== Work order ==
Beginning with the first line, retype exactly the records below up to and including the line with "Женские весенне-осенние трусики"; pictures do not belong in the copy.

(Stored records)
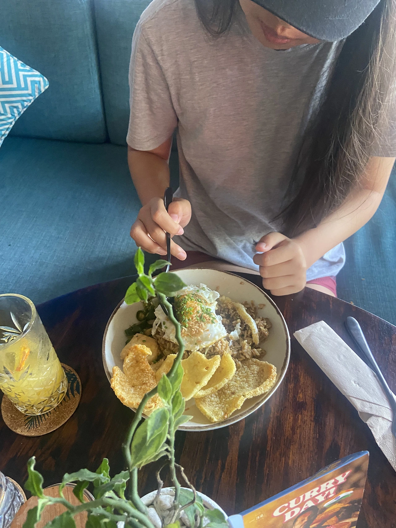 일단 아침 먹고 생각하기로~딸아이가 무릎이 모래에 쓸려 상처가 난데다 팔이 아프다 한다. 아프냐 나도 아프다.. ㅜㅜ 아침 먹으며 회의를 했다. 서핑 레슨을 안 가면 짱구 비치에 가서 바다멍을 하자고…
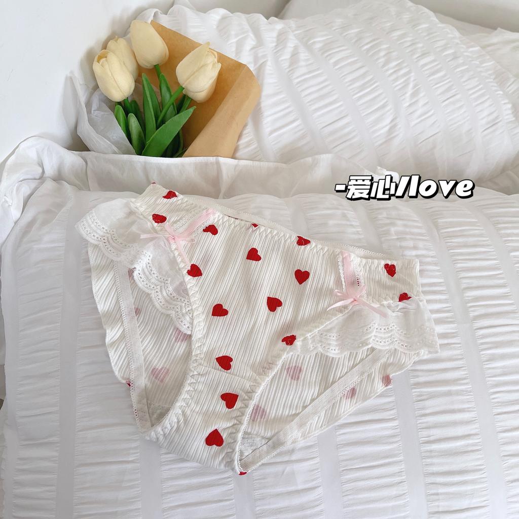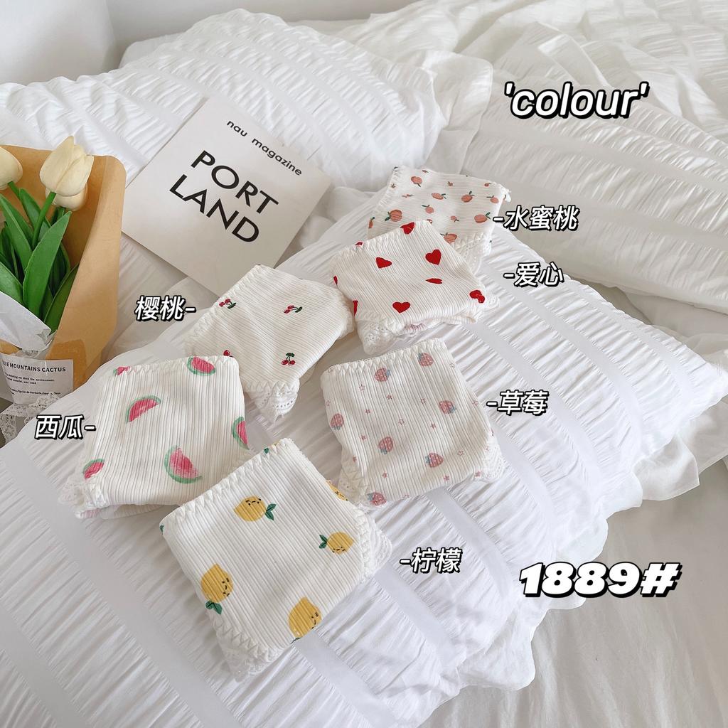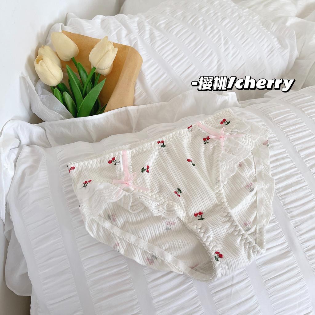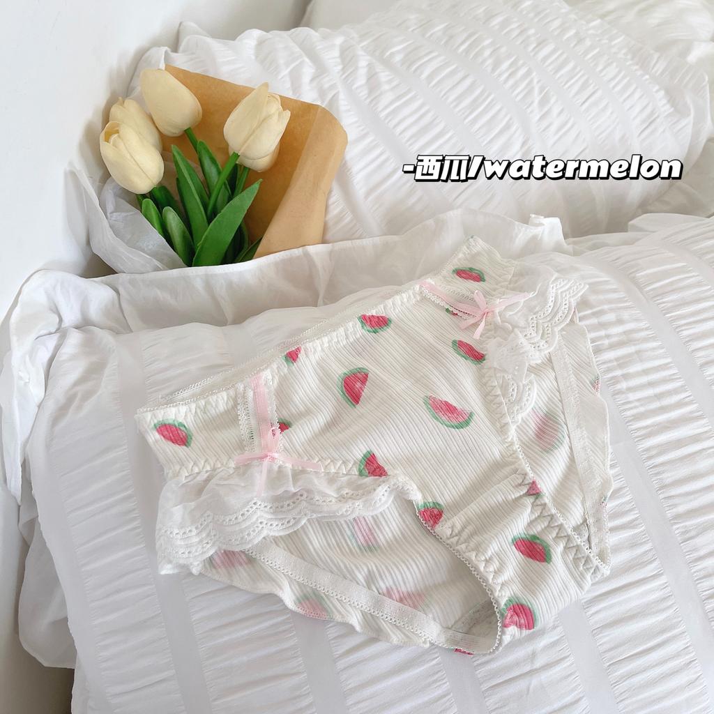 Женские весенне-осенние трусики с мультяшным фруктовым принтом и кружевной отделкой с низкой посадкой
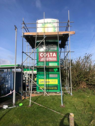 Our scaffolders have all the correct cards to enable them to work on petrol forecourts for scaffold to provide access for maintenance works and updating signage works.
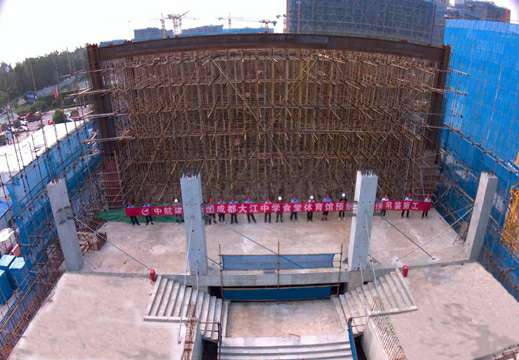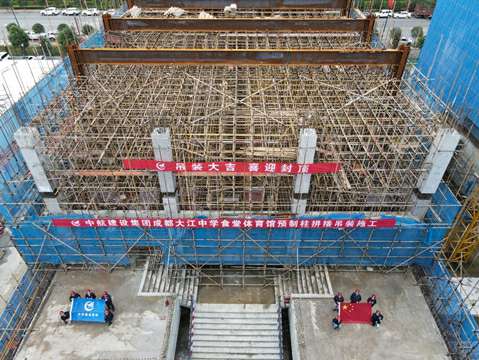 2021年10月9日,来自西南交通大学、中国建筑西南设计研究院、四川原理装配式建筑设计院等多家单位设计人员,齐聚AG网页版-AG(中国)四川分公司承建的成都大江中学项目,与分公司总经理宋景友、副总经理张铁强等相关领导一起,共同见证了国内学校建设领域首例预制混凝土柱拼接连接吊装施工的顺利完成。
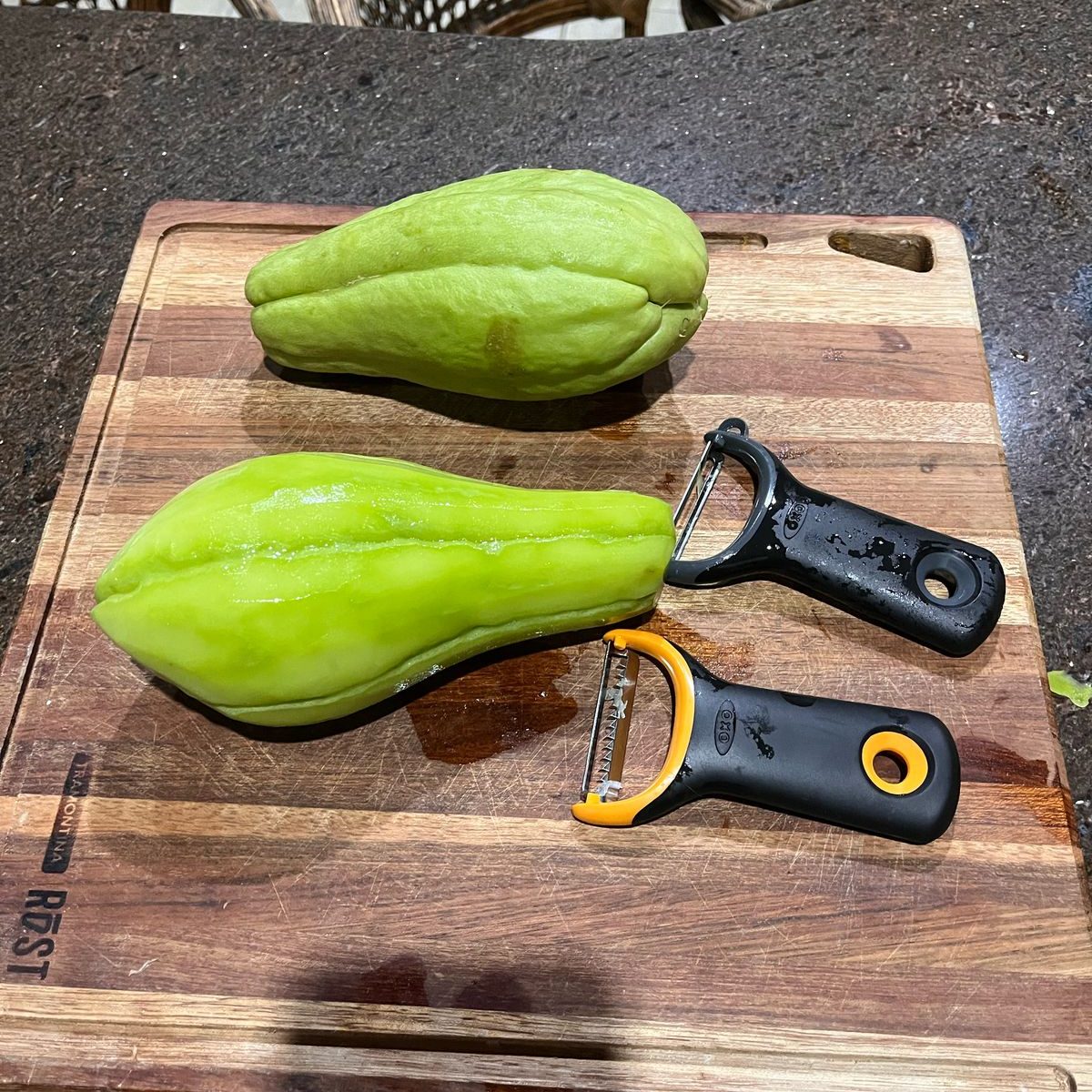 - Opcional de casca: como os alimentos são orgânicos, você pode optar por manter a casca, mas no caso do chuchu, eu prefiro remover.
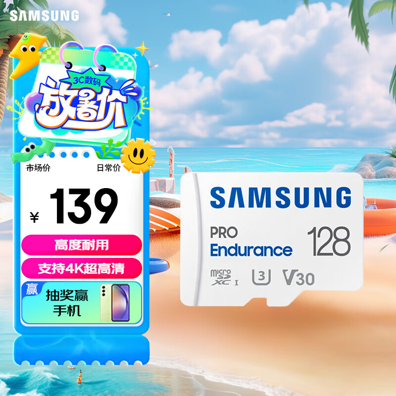三星(SAMSUNG)128GB TF(MicroSD)存储卡 Endurance耐久卡 U3 V30 行车记录仪 安防监控摄像头专用卡 读速100MB/s价格:139.00元!
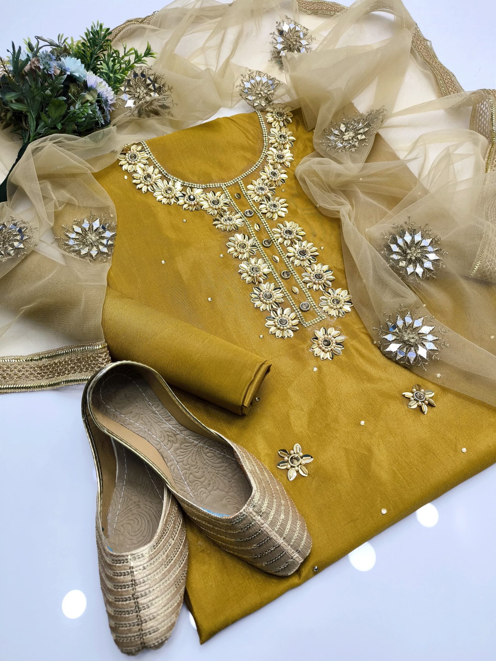 AmorZaib Royal 4-Piece Heavy Handmade Dress Set – Yellow
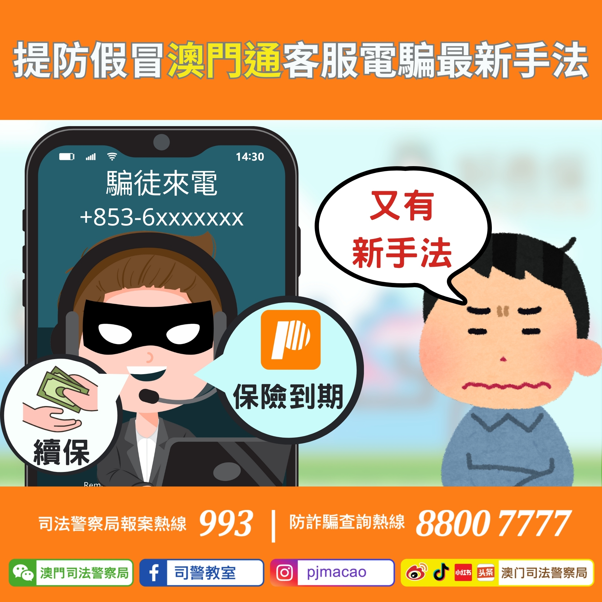 1.如接獲自稱“澳門通”的客服來電,若聲稱“保險服務到期,不取消將被收取費用”必定是詐騙;
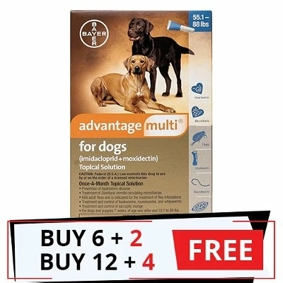Advantage Multi Blue is a broad-spectrum, monthly spot-on treatment for dogs. It helps kill and control fleas, gastrointestinal worms (hookworm, roundworm and whipworm), sarcoptic mange in canines. The topical treatment is also effective in controlling heartworm infection. Advantage Multi is also known as Advocate, which is one the most efficacious five-in-one parasite treatment for mixed parasitic infections. It is formulated in four different pack variants for various dog sizes. This Blue colored pack of Advantage Multi 55.1-88 lbs for Extra Large Dogs is specifically designed for puppies weighing 55.1 to 88 pounds (25-40 kg). It is available in 3, 6 and 12 monthly supply pack.
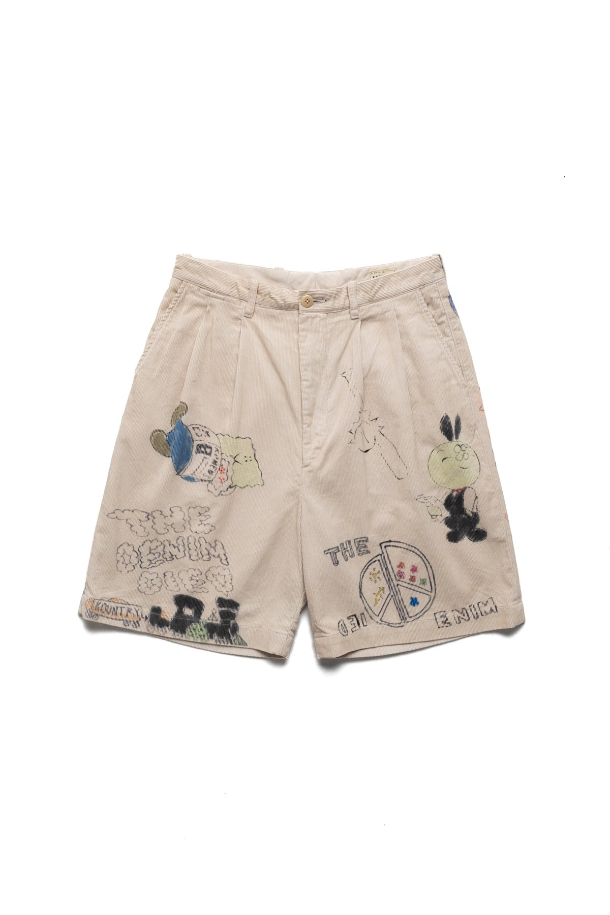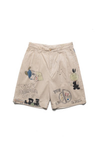 - Shorts with memorial painting. - Drawing, dye mixing, coloring, stamping, etc. are all done by hand by KOUNTRY craftsmen. - Roomy silhouette with two tucks on the front - Color: Beige - 100% cotton - Waist lining: 75% cotton, 23% linen, 2% polyester - Made in Japan - Individual differences may occur - Tears and damage caused by processing are the design intent and are not product defects - Model is 6'2 wearing a size 3
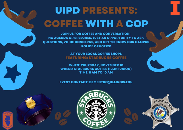 No agenda or speeches, just an opportunity to ask questions, voice concerns, and get to know our campus police officers!
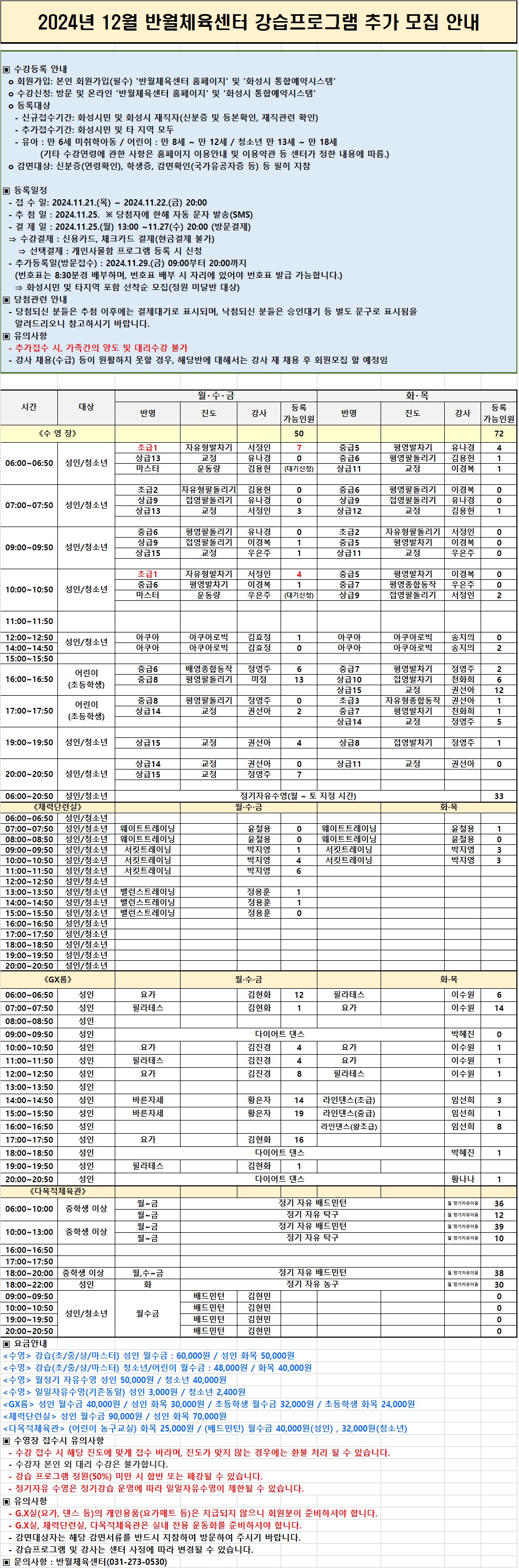화성반월체육센터 2024년 12월 강습프로그램 추가 모집 공고 작성자 관리자 작성일 2024년 11월 28일 16시 36분 15초 조회 1,632 12월 추가모집공고.jpg [ Size : 1.14MB, Down : 3,068 ] 미리보기 다운로드 목록보기

== Exercise answer ==
 일단 아침 먹고 생각하기로~딸아이가 무릎이 모래에 쓸려 상처가 난데다 팔이 아프다 한다. 아프냐 나도 아프다.. ㅜㅜ 아침 먹으며 회의를 했다. 서핑 레슨을 안 가면 짱구 비치에 가서 바다멍을 하자고…
 Женские весенне-осенние трусики с мультяшным фруктовым принтом и кружевной отделкой с низкой посадкой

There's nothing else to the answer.